Lou currently lives in Stoke-on-Trent and commutes to Manchester for his media work, which apart from MUTV also includes appearances on Sky Sports. In 2016, he set up to work on a completely different and new project of helping the homeless people in his local area in Stoke. This is what he had to say, “Yes, the idea came about because I read the newspapers. The talk of the papers was about the homelessness situation, how it was getting worse and the numbers kept going up. And so, I went out to Stoke-on-Trent, one night, in the town centre to see if we could find any homeless people and I found plenty. And then I went home and I thought well, what can I do for them? And because of my contacts in Stoke, and because I’ve been the Stoke manager and because we had been successful at Stoke as a team and as a club, I took the view that I could help them possibly by clothing them, putting a roof over their head and feeding them because I knew of the generosity of the people in Stoke and the surrounding areas. I knew that I would get a good response. So, I set out to do that and found the building to house them. I got a building from the Council five and a half years ago. I asked people for food. We got food, we got plenty of clothes. We’re still doing it because that generosity is obviously still there. We started out with about 12 people, now we’ve got 50 people in here, who I look after. We have 22 paid staff members, not volunteers, because I don’t really think this is a job for volunteers. And in my case, this is the toughest job I’ve ever had in my life.”

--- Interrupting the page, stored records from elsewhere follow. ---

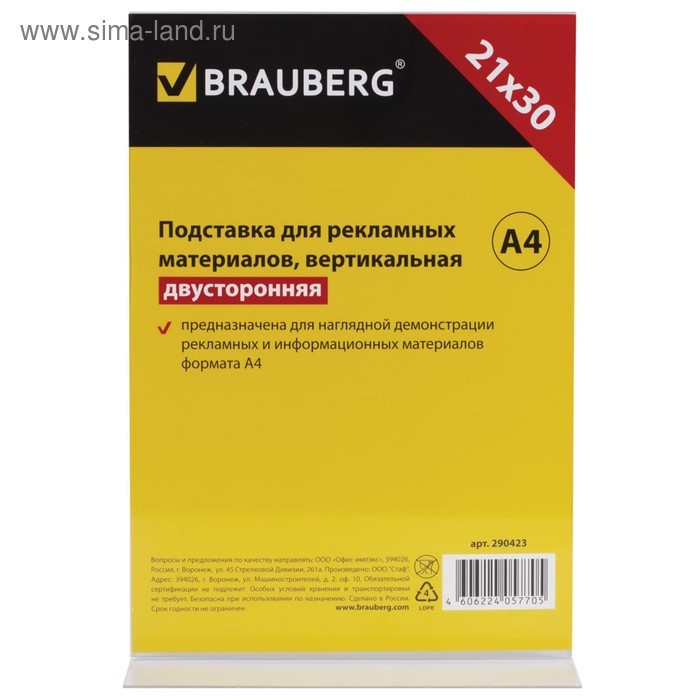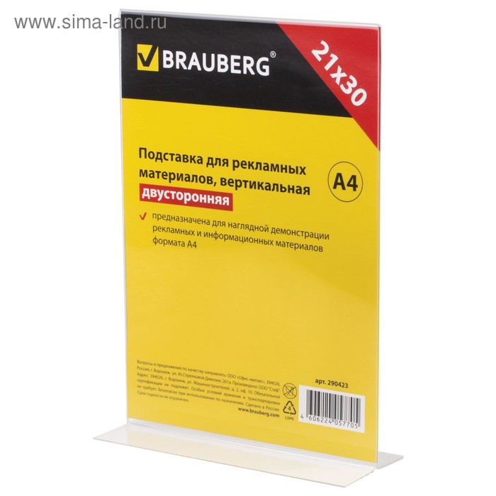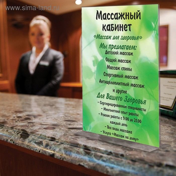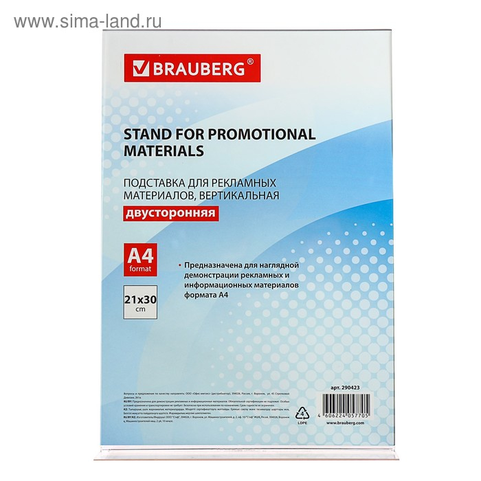 Подставка для рекламных материалов А4, вертикальная, 210 х 297 мм, настольная, двусторонняя, оргстекло
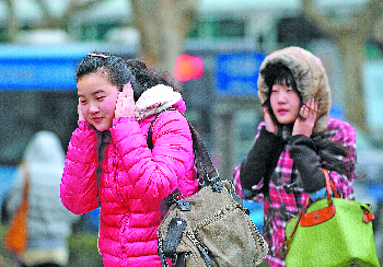 12日早晨起,济南市区大风降温十分凶猛,气温一夜之间下降了十几度,部分区域还飘起了“桃花雪”。街头行人捂紧帽子艰难行走,仿佛又回到了冬天。
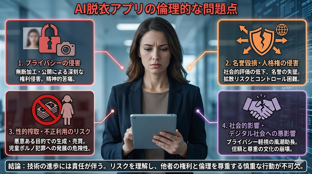 結論として、AI脱衣アプリの技術は技術的な進歩である一方、その使用には大きな倫理的課題が伴います。プライバシーの侵害や名誉毀損、性的搾取などの問題が発生する可能性があるため、こうした技術の利用には慎重な態度と責任ある行動が求められます。技術の利便性を享受するためには、そのリスクを理解し、他者の権利や社会的な倫理を尊重することが不可欠です。

During the coronavirus pandemic, the homeless Macari Centre in Hanley, Stoke-onTrent had to be adapted according to new rules since the government no longer allowed dormitory-style accommodation. Lou worked with the city council to move the shelter to a nearby warehouse and moved the residents to COVID-safe pods. In this way, Macari was able to provide a safe space for people from the virus. Each pod was kitted out with new beds, heaters, TVs and were numbered on the front door to give the residents proof of address – and help them find employment. The idea of the Centre is to provide emergency shelter and safe, short-term accommodation for people out in the street, in other words, people in need.

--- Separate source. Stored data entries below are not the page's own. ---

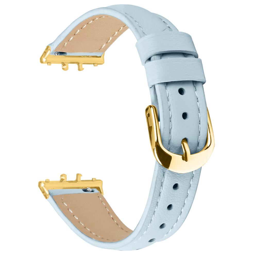 (Sky Blue) For Samsung Galaxy Fit3 Watch Band Gold Buckle Slim Leather Strap
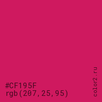 Цвет #CF195F в цветовой модели RGB обозначается тремя октетами (207, 25, 95) в десятичном формате и #CF195F в шестнадцатиричном (hex) формате, которые являются интенсивностью красного 207 (hex CF), интенсивность зелёного 25 (hex 19) и интенсивность синего 95 (hex 5F).
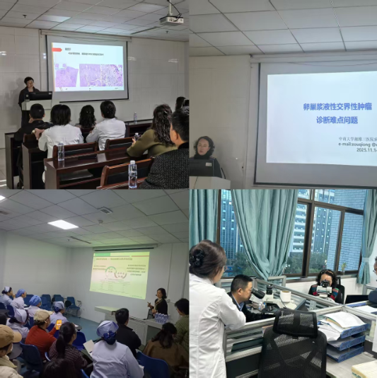 另外,病理科党支部为湘西州人民医院病理科的全体同仁带来了两场精彩的学术盛宴,初令主任做了“多维诊断体系助力感染相关病变诊断”的讲座,邹琼副主任针对“卵巢浆液性交界性肿瘤诊断难点问题”进行了详细解读,陈倩副主任及付华老师在科内进行多头阅片指导。接着,初令主任与湘西州人民医院副院长张建文、病理科主任彭英霞就“医院层面如何托举病理科全方位发展”这一议题做了较深度的交流,初令主任表示:湘雅三医院与湘西州人民医院历来关系紧密,亲如一家,今后会继续不遗余力协助病理科的发展。最后,双方围绕如何以党建为抓手破解业务难题、如何激发党员在关键岗位的先锋模范作用、如何构建更高效的跨部门协作机制等议题展开了充分研讨,相互启发,收获颇丰。
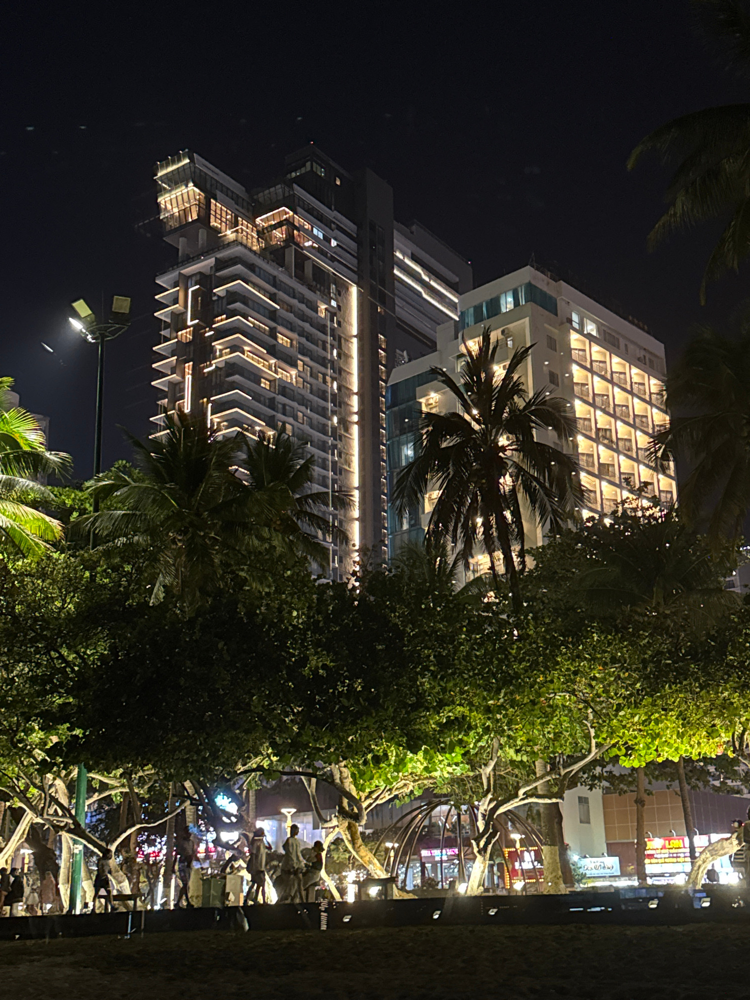 Captured at night, the image features two high-rise buildings in Unknown, Unknown. The building on the left exhibits a terraced design with illuminated balconies, while the building on the right displ…read more

“We had to move quickly to get around to try and find somewhere suitable and we did find somewhere. We brought them into it. A big warehouse, which is probably the size of the pitch at Old Trafford. As I say this will get 50 people – we have 48 men and 2 women – a roof over their heads and it gives you an idea of their difficult situation. Unfortunately, it’s becoming more and more each year. I’d like it to be less and less. Not because it will make my job easier, but because that’s the way you want it to be. Instead, there are more and more homeless each year.”

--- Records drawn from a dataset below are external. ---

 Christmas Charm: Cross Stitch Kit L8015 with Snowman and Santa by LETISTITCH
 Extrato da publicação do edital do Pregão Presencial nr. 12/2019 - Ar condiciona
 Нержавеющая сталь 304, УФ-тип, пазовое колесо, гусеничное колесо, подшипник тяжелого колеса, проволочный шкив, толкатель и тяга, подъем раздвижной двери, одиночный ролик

My final question was to ask if he remembers any previous visits to Malta. He did remind me that he had played in Malta for Celtic in the European Cup preliminary round on 3 November 1971. Sliema Wanderers were the opponents that day and the Scottish champions won 2-1, after a first minute opener by Ronnie Cocks gave Sliema a shock lead. Lou recalled the sandy and hard surface they played on at the Gzira Empire Stadium. Celtic went through having won the first leg 5‑0 at Parkhead on 20 October 1971.
He was also in Malta in his early managerial career with Swindon Town team when he brought over his side for one pre-season in the mid-80s. In fact, I recall watching Lou putting his players through a tough drill at Manoel Island one hot summer day.
He admitted that he would love to visit the Island again and pay a visit to the Manchester United Supporters Club to meet the local United fans.